The National Football League and the NFL Players Association are putting more resources in place for players’ pain management and behavioural health through new union agreements.

The two parties will be forming a joint pain management committee, with medical experts appointed by both the league and the union, according to a press release. The committee will establish standards for club practices and policies on pain management and relevant use of prescription drugs. It will also be responsible for conducting research to better understand the science of pain management and improve the medical options provided to players, including alternative therapies.

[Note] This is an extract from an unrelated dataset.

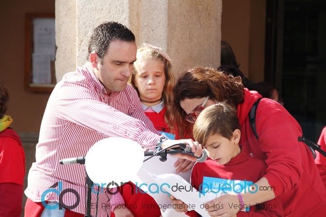 La actividad consiste en una marcha por el pueblo, todos juntos, niños, maestros, madres, padres, abuelos y todos los que se quieran sumar, todos con un dorsal del proyecto.
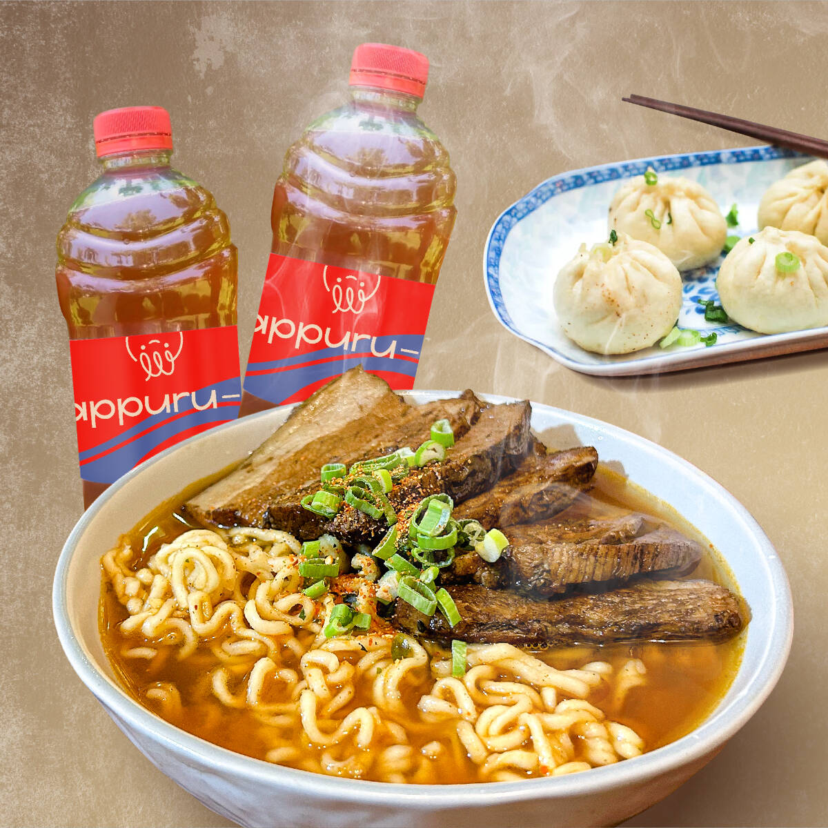 2 Spicy Ramen, 4 Dumplings y 2 Kappuru té

Read: Mental health and substance abuse issues on the rise: survey

In addition, a newly established prescription drug monitoring program will provide the committee with periodic reports, keeping track of all drugs prescribed to players, whether by physicians associated with the NFL or not. Further, each individual NFL club will be required to appoint a pain management specialist before the outset of the 2019 season in September.

As for behavioural and mental-health care, the NFL and the players’ association will form a comprehensive mental health and wellness committee, which will be tasked with developing educational programs on mental health for players, their families and other NFL employees. The committee will also work with local mental health and suicide prevention organizations to reduce related stigmas in the broader community.

Read: Early detection, treatment key to addressing mental disorders

Each NFL team will also retain a behavioural health clinician, who needs to be available to players onsite for a minimum of between eight and 12 hours per week. The clinician will conduct mandatory mental-health educational sessions for players and coaching staff, and will create and conduct mental-health emergency action plan drills implemented in the coming season.